Thursday, October 4, 2012

I am new...

"I Am New" by Jason Gray

LYRICS:

Now I won't deny
The worst you could say about me
But I'm not defined
By mistakes that I've made
Because God says of me

I am not who I was
I am being remade
I am new
I am chosen and holy
And I'm dearly loved
I am new

Who I thought I was
And who I thought I had to be
I had to give them both up
Cause neither were willing
To ever believe

I am not who I was
I am being remade
I am new
I am chosen and holy
And I'm dearly loved
I am new

Too long I have lived
In the shadows of shame
Believing that there
Was no way I could change
But the one who is making everything new
Doesn't see me the way that I do
He doesn't see me the way that I do

I am not who I was
I am being remade
I am new
I am chosen and holy
And I'm dearly loved
I am new

I am not who I was
I am being remade I am new
Dead to the old man, I'm coming alive
I am new

Forgiven beloved
Hidden in Christ
Made in the image of the Giver of Life
Righteous and holy
Reborn and remade
Accepted and worthy, this is our new name

This is who we are now...

I have heard this song on the radio before and it has caught my attention.  Today, someone shared it during sharing time and mentioned that the video is worth checking out because he takes pieces of old material, even "junk" and creates something new from it all.  So, I decided to look it up.  I found it on YouTube, vimeo, and Godtube.  There are commercials to deal with and/or hesitation in the video on all the sites, at least today.  So, take your pick and see which works best for you.
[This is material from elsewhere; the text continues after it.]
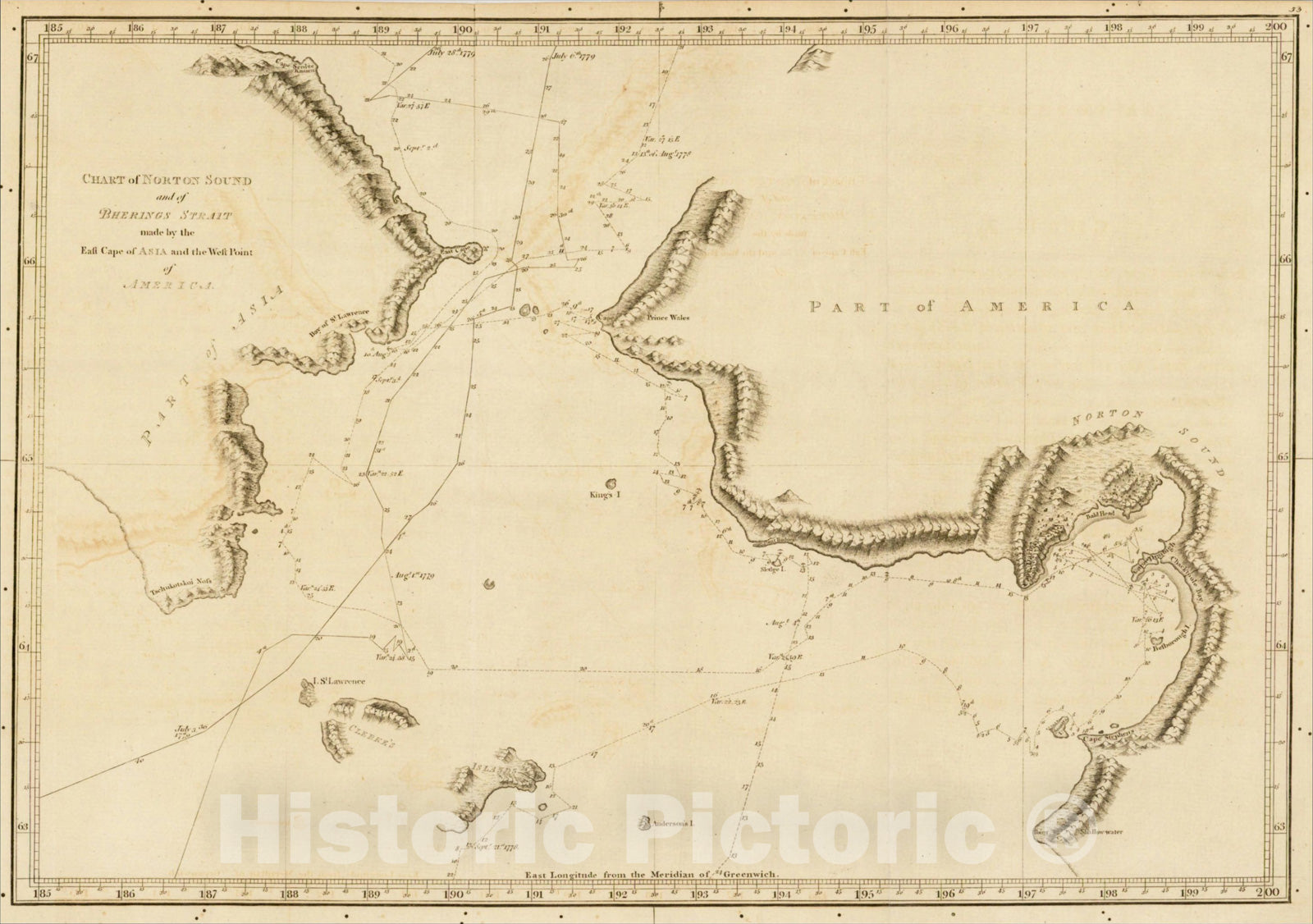 Historic Map : Chart of Norton Sound and of Bherings Strait made by the East Cape of Asia and the West Point of America, 1784, James Cook, v2, Vintage Wall Art

As I listen to the song, there are several things that strike me/come to mind.  This is a great song about grace and the sanctification process.  We are being made new.  I am being made new.  Like the caterpillar being transformed in the cocoon, I am being remade.  It is an ongoing process.  There is much dross to be burned off, many things to be worked on.  As I go deeper and deeper and attempt to live as my true self, I am being made new along the way.  God takes the old things, the junk in and of my life, and turns them into something beautiful that can be used for worship and praise.  That's pretty amazing.

Continuing along this journey of learning, growing, loving God, and loving others.

Maybe there is something for you here in Jason Gray's song.